Доктор странновато взглянул на меня, помедлил чуток и ответил:
— Если не будет ухудшения, то через два дня, считая с завтрашнего. И простите покорнейше, Владимир Антонович: дела-с. А насчет ремонта фургонов подойдите к Филимонову Льву Викторовичу, он полностью в курсе.
Я вышел из кабинета, пожал плечами и принялся было спускаться по лестнице, но тут у меня за спиной раздался грубый окрик:
— Стриженов! Стой!
Глава 15
Я обернулся. На верхней площадке лестницы стоял Николай Генрихович Клейст собственной персоной. Если не принимать в расчет ситуацию, выглядел он довольно комично. Лицо его, буквально кричащее о стойком нордическом характере, было в паре мест заклеено пластырем крест-накрест. Так, как обычно рисуют в мультиках и на карикатурах. Часть головы была обрита, и на этих местах красовались свежие швы. Наверное, если бы его обрили полностью, вышло бы поприличней. А сейчас он скорее походил на безумного ученого, жертву собственного неудачного эксперимента.
Я невольно улыбнулся, но Клейст не был намерен шутить. И лицо его, волею врачей ставшее из героического карикатурным, было искажено злобной гримасой.
— Мерзавец! Подлец! Как ты посмел! — закричал он и занес руку для удара.
Мне было как-то не по душе обижать больного человека, но когда меня пытаются побить, мне не нравится гораздо больше. Легко уклонившись от неумелого удара, я вполсилы ткнул Клейста в солнечное сплетение. Тот несколько раз хватанул ртом воздух и с моей помощью присел отдохнуть на верхней ступеньке.
— Николай Генрихович, вы меня слышите? А понимаете?
Клейст, еще не вполне пришедший в себя, смог кивнуть на оба вопроса.
— Вам не удастся меня избить, я дерусь лучше вас. Вы это понимаете?
Еще один кивок.
— Тогда вот что: очевидно, что противоречия между нами достигли критического уровня. Вам не кажется, что настала пора объясниться? Вам известно место, где мы могли бы побеседовать без лишних ушей? Ибо некоторые факты я предпочел бы оставить между нами.

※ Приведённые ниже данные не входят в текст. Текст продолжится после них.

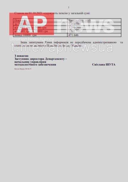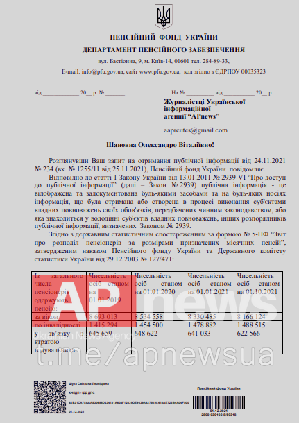 Сообщается, что по состоянию на октябрь 2021 года те или иные виды пенсии получают 10 945 145 украинцев - 8,1 млн человек получают пенсии по возрасту, 1,4 млн - по инвалидности, 622 тыс. - в связи с потерей кормильца.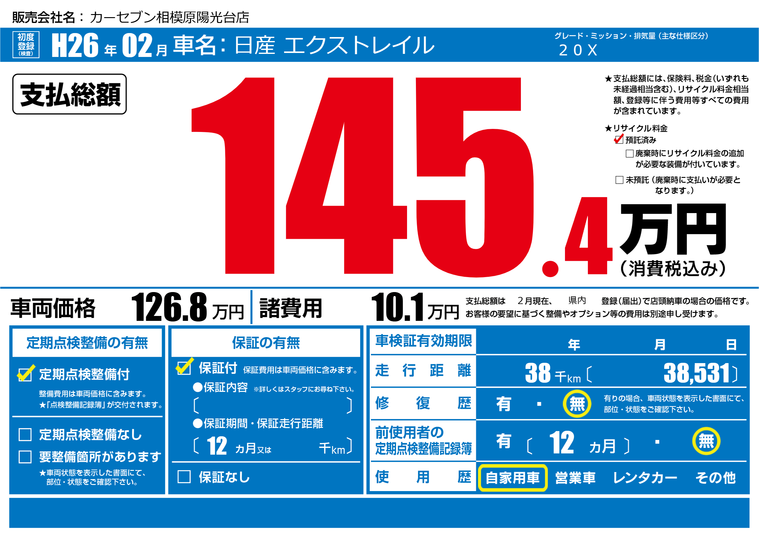 | 走行キロ | 3.8万km | 初年度登録 | H26年02月 |

Гонщик, несколько поникший от осознания неспособности уничтожить меня немедленно, поднялся и, злобно зыркнув, отправился куда-то в дальний конец коридора. Я последовал за ним.
Мы разместились на небольшом балкончике, выходящем в больничный двор и прикрыли за собой дверь. Встали на расстоянии друг от друга, но так, чтобы можно было говорить, не повышая голоса.
— Николай Генрихович, — начал я, — До определенного момента мне была понятна ваша неприязнь ко мне. Но теперь, когда я больше не работаю на Маннера и вы стали ведущим гонщиком его команды, повод ненавидеть меня должен исчезнуть. Я прав? Или существует что-то еще, о чем я даже не догадываюсь?
— Не паясничай, Стриженов, ты все прекрасно знаешь.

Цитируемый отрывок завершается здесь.